Y viendo que era hermoso, lo escondió durante tres meses.
Pero no pudiendo ocultarlo más tiempo, tomó una canasta de juncos,
la embadurnó de brea y de pez,
y poniendo al niño en ella,
la colocó entre los juncos a la orilla del río.
Y su hermana se puso a cierta distancia
a ver qué le sucedería.
La hija del faraón descendió a lavarse en el río,
mentre sus criadas caminaban por la orilla del río.
Y al ver la canasta entre los juncos, envió a una de sus criadas a buscarla.
Al abrirla, vio a un niño que lloraba,
y se compadeció de él, y dijo:
"Este es uno de los hijos de los hebreos."
Entonces su hermana preguntó a la hija del faraón:
"¿Iré a llamar a una de las mujeres hebreas
a que le dé de mamar al niño?"
"Ve," le respondió ella.
Y la doncella fue y llamó a la madre del niño.
La hija del faraón le dijo:
"Lleva a este niño y aliméntalo para mí, y yo te lo pagaré."
Así que la mujer tomó al niño y lo alimentó.

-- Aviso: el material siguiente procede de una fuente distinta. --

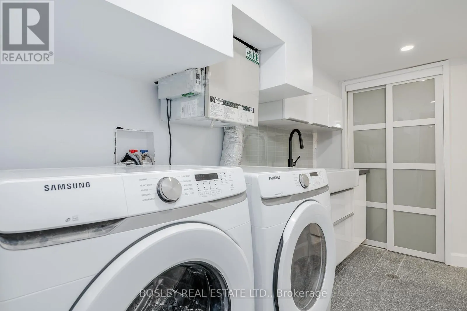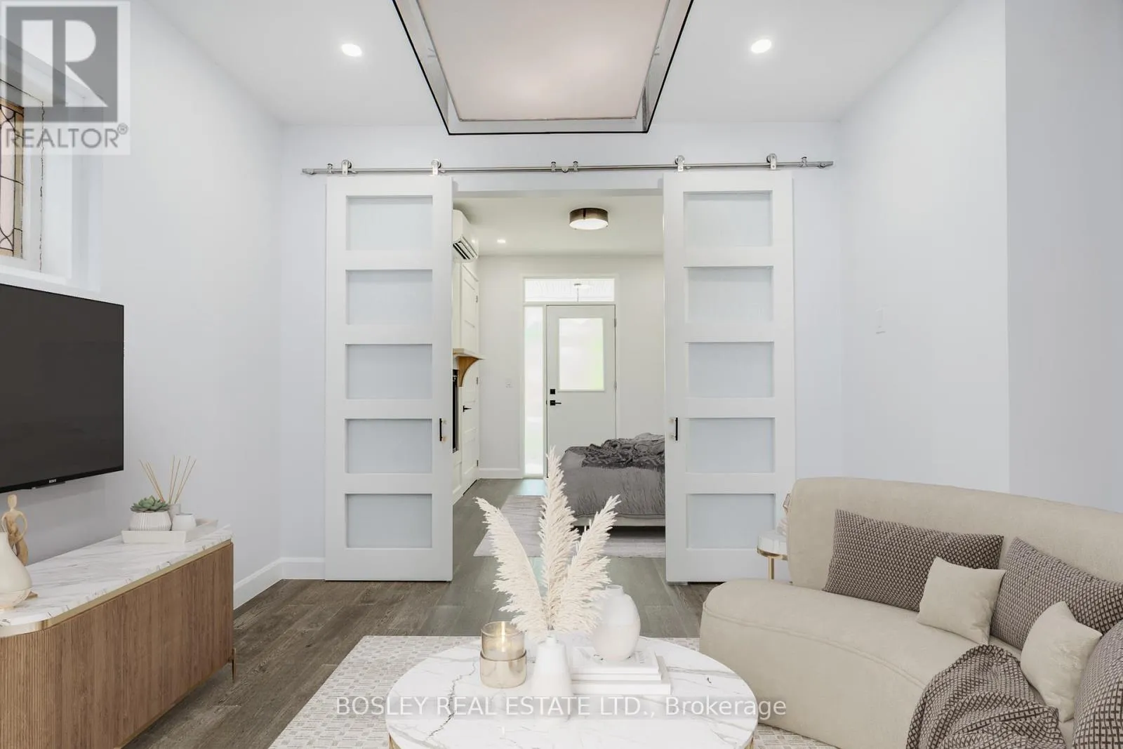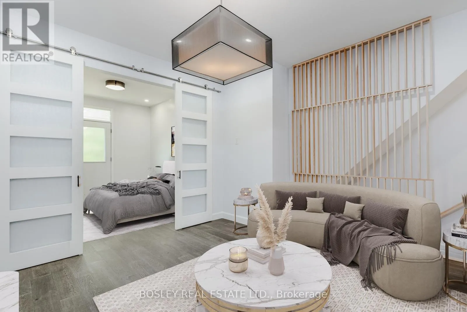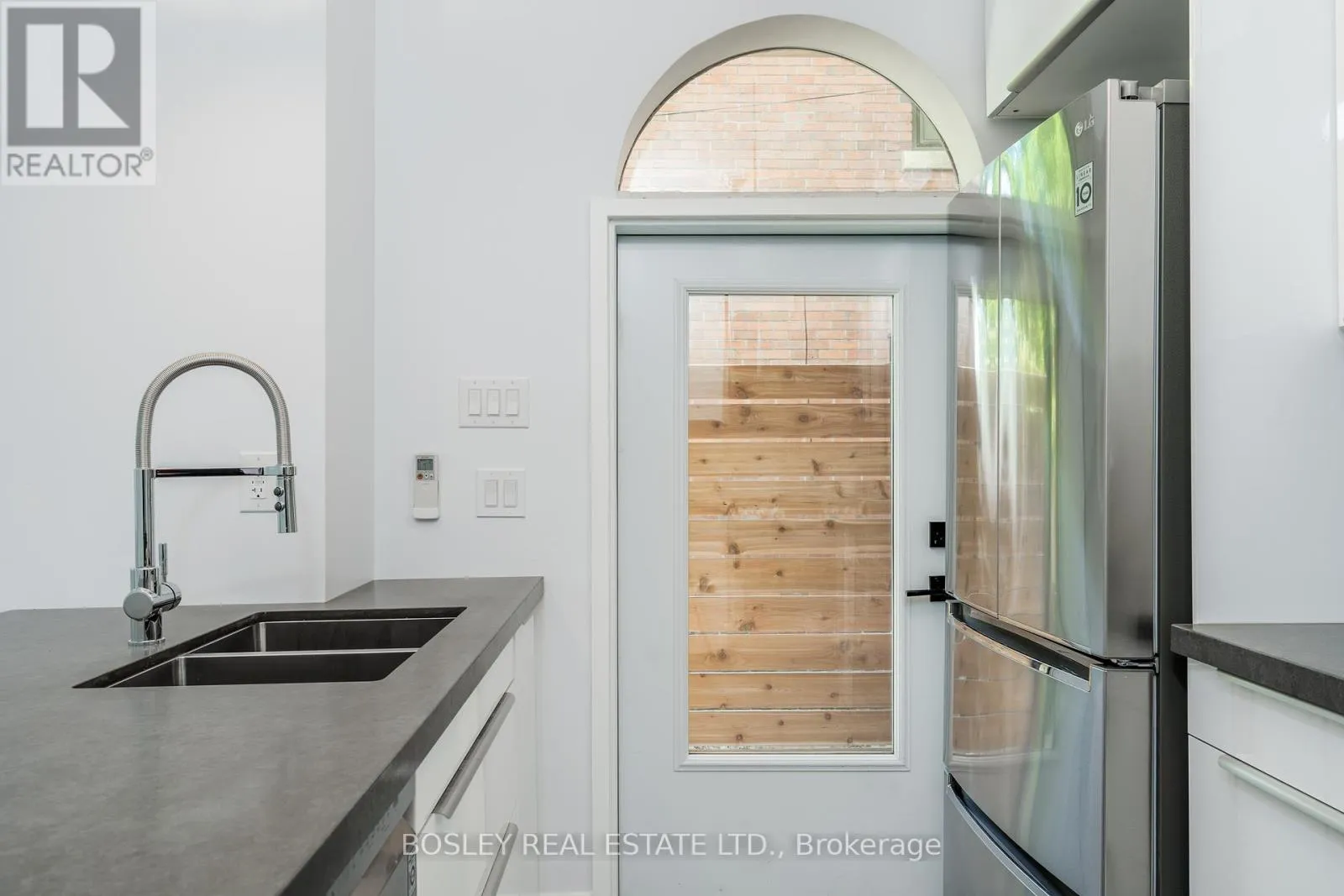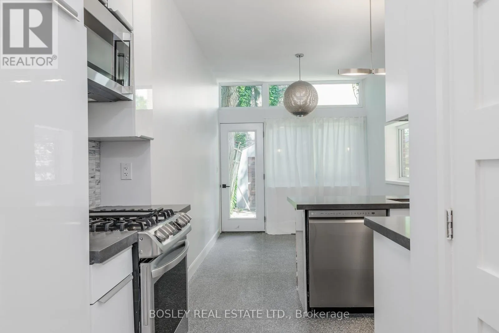 Cross Streets: Near Queen St East & Lee Ave. ** Directions: Drive one way north from Queen St East. Green P lot parking avail. @ Queen & Wineva Ave. Architecturally designed and masterfully renovated in 2022, this 1,260 sq ft, 2-storey home seamlessly blends clean Scandinavian lines with Mid-Century modern luxury. On the Main level, high 9'6" ceilings provide an airiness of space, while radiant heated floors throughout will keep your feet toasty-warm when it's chilly out. You'll stay comfortable with 2 air conditioning & heat pump units (in the Kitchen & Primary Bedroom), and you'll breathe easier with the Heat Recovery Ventilation (HRV) fresh air system. The bright, eat-in Kitchen is designed for both function & connection, with a dedicated dining area, breakfast bar, stainless steel appliances, and a gas stove ideal for home chefs. Southeast-facing corner windows flood this space with natural light. The Living Room offers perfect balance between old-world charm & contemporary style, showcasing original stained-glass windows, modern sliding barn doors to the bedroom, and a vertical wood-slat feature overlooking the open stairwell. The Main Floor Primary Bedroom is a serene retreat, complete with gas fireplace, double closets, and a walk-out to a private, tree-shaded front patio. Downstairs, the fully finished Basement level offers exceptional versatility with 2 spacious bedrooms with large closets, a cozy den/home office, and a 5-piece, family-friendly bathroom with double sinks and separate toilet/bathing area for added privacy. A dedicated laundry hallway includes full-sized side-by-side washer and dryer, double sink, and chic storage cabinetry . Modern, slim-profile wall radiators in every room provide comfortable warmth throughout. Steps away to Kew Gardens, Kew Beach, the Boardwalk, Schools, Recreation Centre, Library, and all of the vibrant shops, cafés & restaurants along Queen Street. This culturally rich, beachside neighbourhood offers a peaceful residential setting, with quick & easy access to the city's busy downtown core. This is it, come live your best life by the beach! (id:27476)

Y cuando el niño creció, ella lo llevó a la hija del faraón,
la cual lo adoptó como hijo y le puso por nombre Moisés,
y dijo: "Porque de las aguas lo saqué."
En un momento, cuando Moisés ya había crecido,
fue a visitar a sus hermanos y vio su dura labor.
Vio a un egipcio golpeando a un hebreo, uno de sus hermanos.
Mirando a un lado y a otro, y como no veía a nadie,
mató al egipcio y lo escondió en la arena.
Al día siguiente salió de nuevo, y vio que dos hebreos estaban peleando.
Y dijo al culpable:
"¿Por qué golpeas a tu compañero hebreo?"
Pero el culpable respondió:
"¿Quién te ha puesto por príncipe y juez sobre nosotros?
¿Estás pensando en matarme como mataste al egipcio?"
Entonces Moisés tuvo miedo y pensó:
"Ciertamente se ha sabido este asunto."
El faraón también oyó de este asunto y buscó matar a Moisés.
Pero Moisés huyó de él y se quedó en la tierra de Madián.
Palabra de Dios.
Te alabamos, Señor.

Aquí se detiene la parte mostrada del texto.